Gérard Houiller, le visionnaire !

Gérard Houiller, le visionnaire !

8 janvier 2022 0 Par Zakarie Faibis

Choc de la 20ème journée de Ligue 1 Uber Eats 2021/2022 ce dimanche 9 janvier, le choc OL-PSG a vu passer de nombreux joueurs et coachs qui ont connu Gerland et/ou le Groupama Stadium et le Parc des Princes durant leur carrière.

Dans cet article, Social Gones vous présente la carrière (et la vie) d’un homme qui a marqué l’histoire des deux clubs, mais aussi de nombreux joueurs et supporters, Monsieur Gérard Houllier.

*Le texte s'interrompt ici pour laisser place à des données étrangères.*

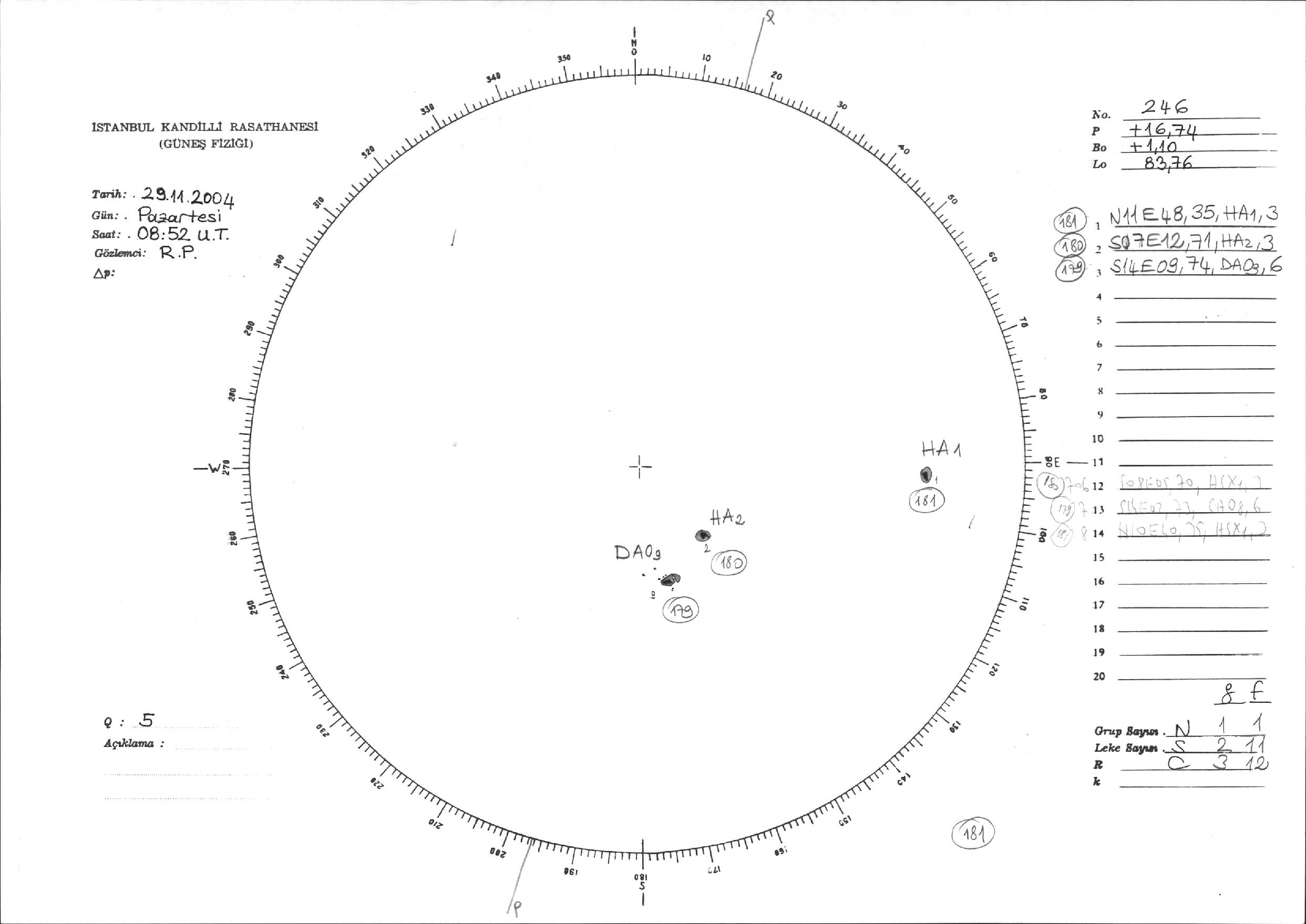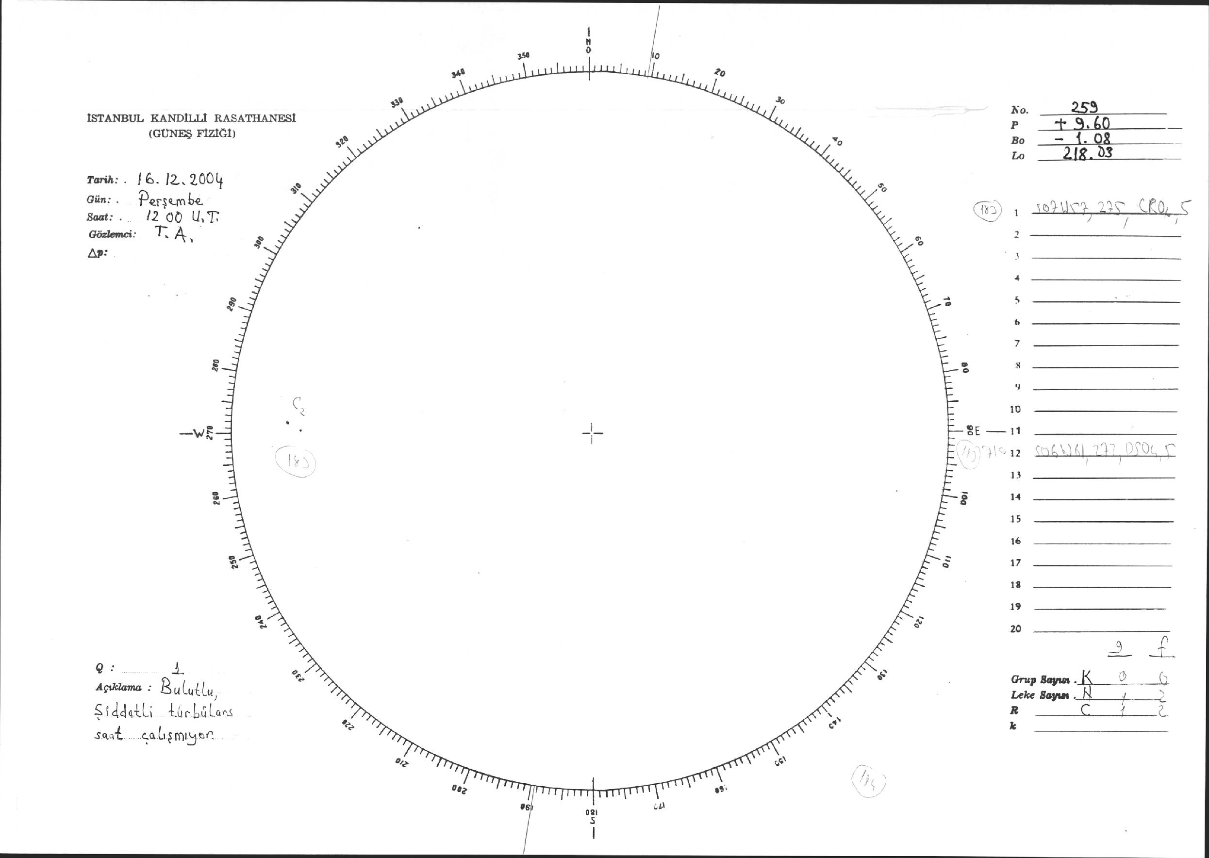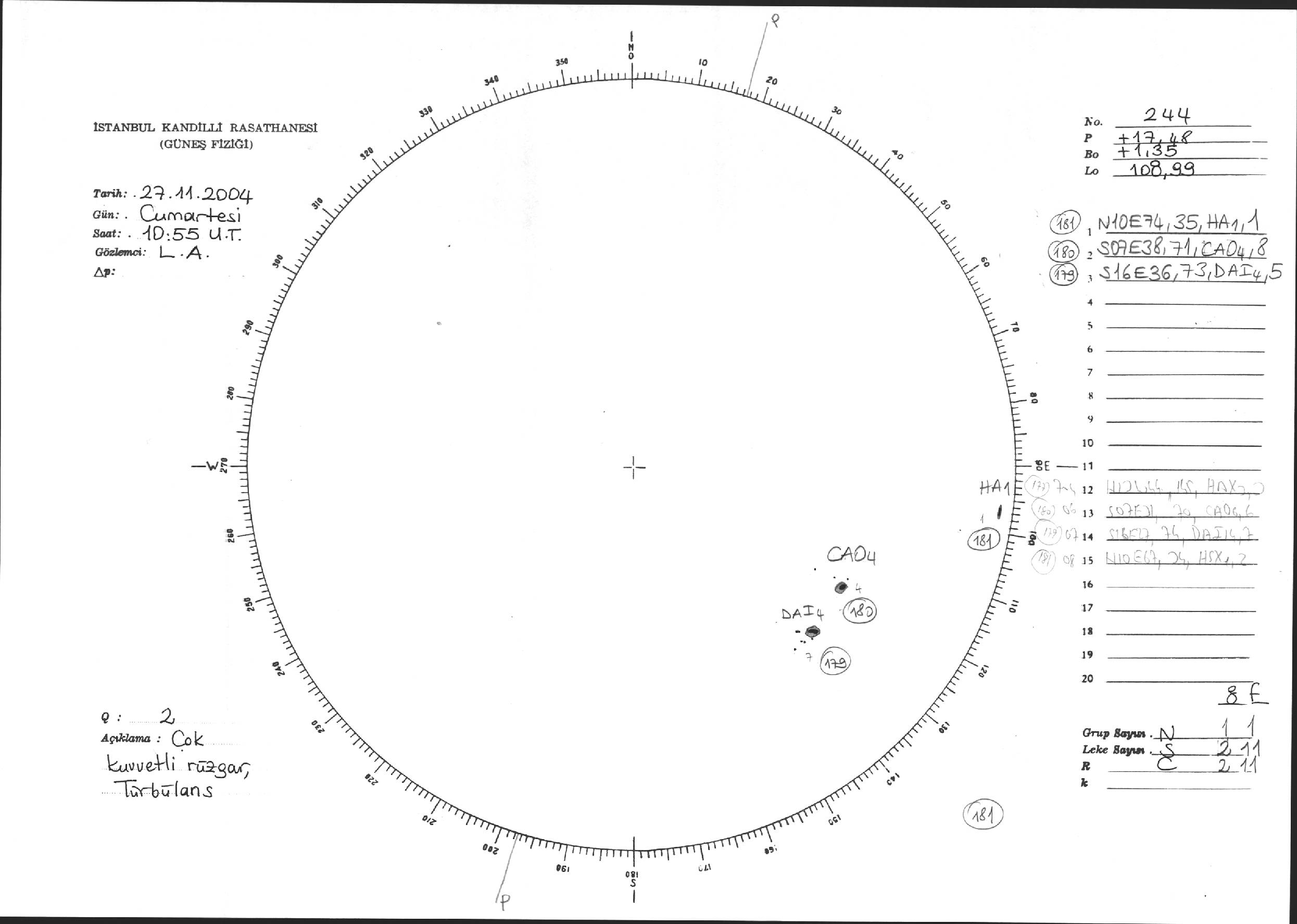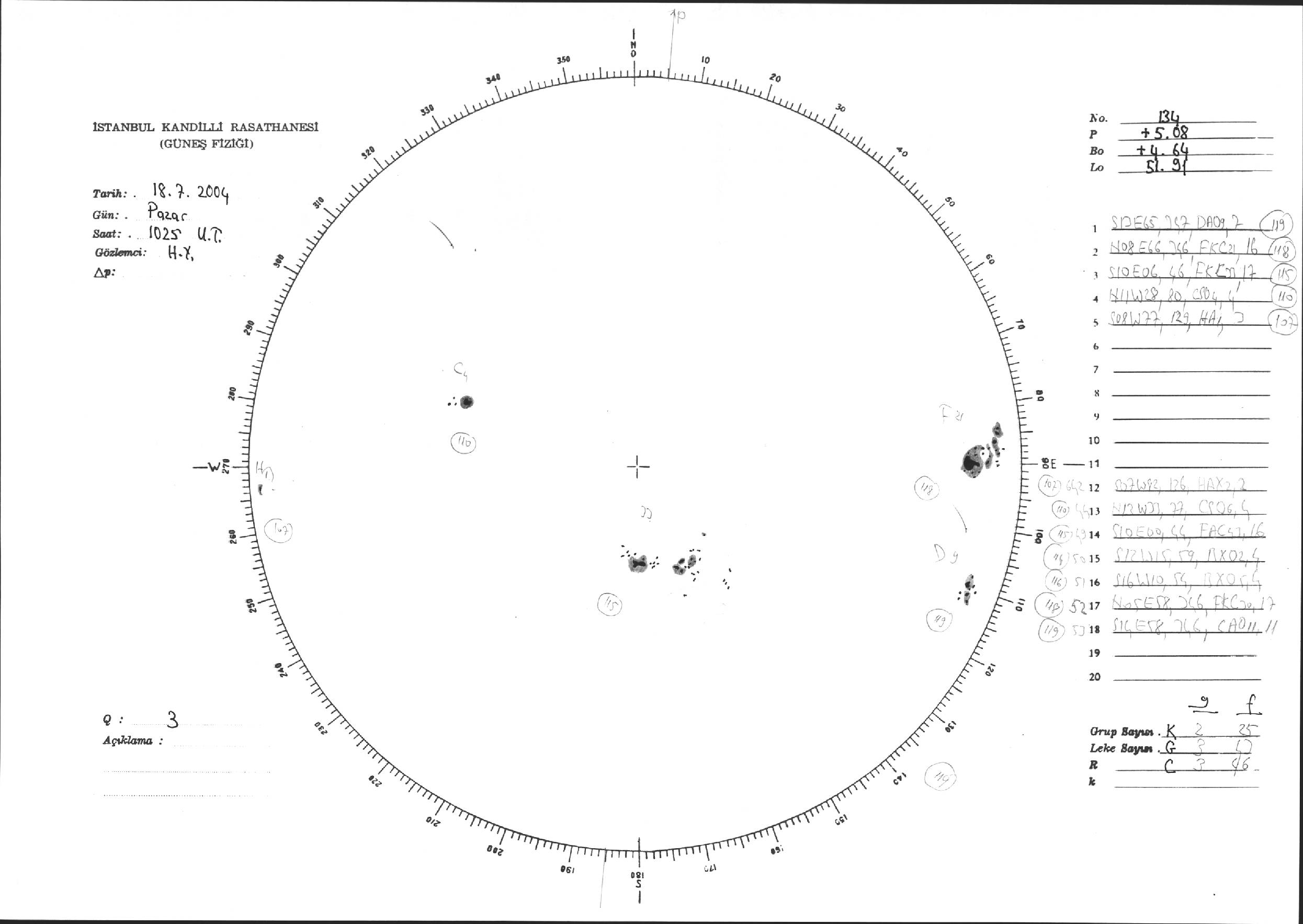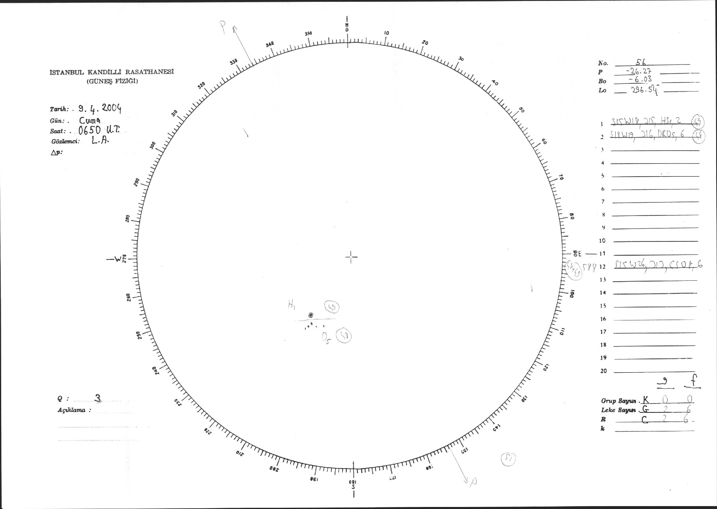 Güneş Lekesi Çizimleri / Kandilli Sunspot Drawings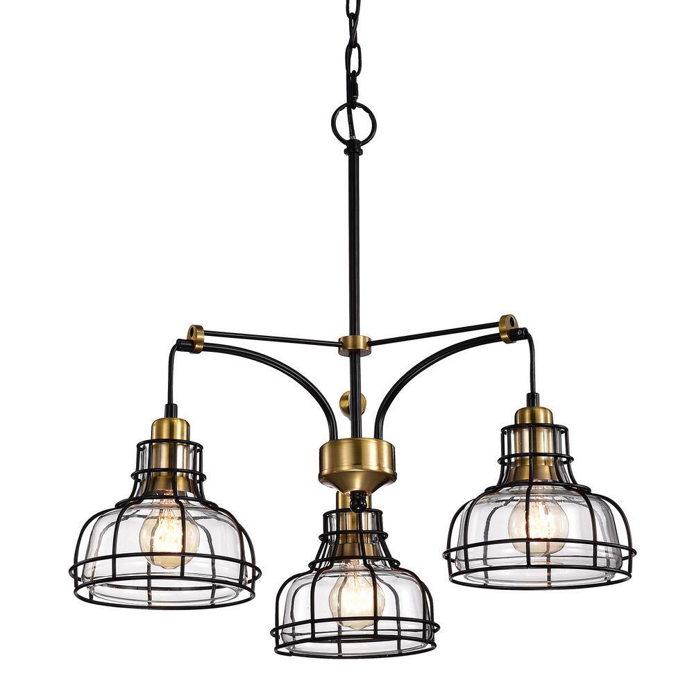 Edvivi Paris 3-Light Black and Antique Gold Industrial Chandelier with Black Cage and Clear Glass Shade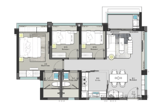 “家政空间解放”也是该户型的一大亮点。项目专门设置了独立家政间,将洗衣、晾晒、收纳等功能集中在一起,避免了家务活动对其他生活空间的干扰,让家居环境更加整洁有序。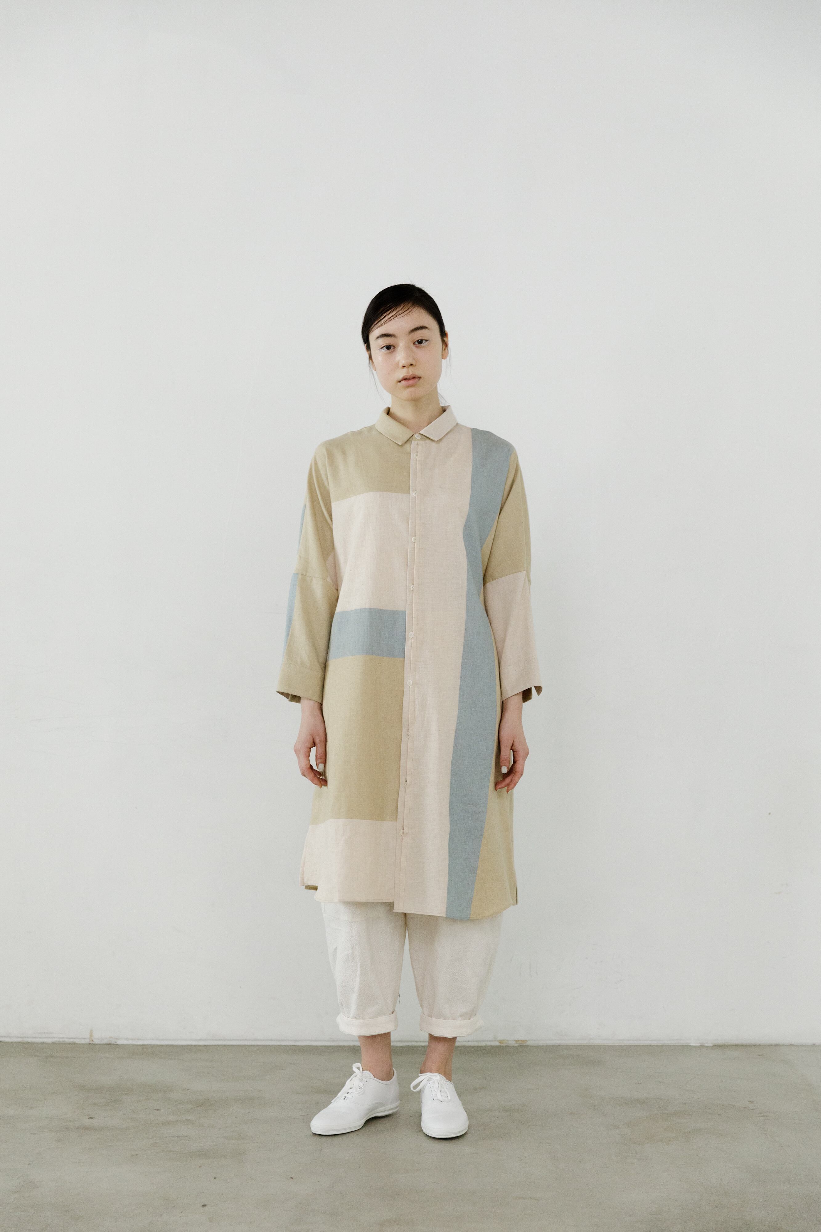オリジナルテキスタイル(播州織物)を使用した定番ロングシャツ。

Né le 3 septembre 1947 à Thérouanne, à quelques dizaines de kilomètres de Lens, le petit Gérard pensait-il qu’il allait devenir un des coachs emblématiques de grandes équipes ? Qu’il allait lancer certains des meilleurs joueurs de l’histoire de ce sport et en avoir d’autres sous ses ordres ? Qu’il ne marcherait jamais seul ? Sans doute pas. Rien ne prédestinait ce joueur amateur de faible niveau à percer dans le football. En 1969, dans le cadre d’un CAPES d’anglais, direction l’Angleterre et la ville d’un de ses plus grands succès, Liverpool, pour donner des cours et mener ses recherches. Il reviendra continuer ses études, ralenties le temps de la maladie de son papa, et devient professeur d’anglais à l’ESC de Lille.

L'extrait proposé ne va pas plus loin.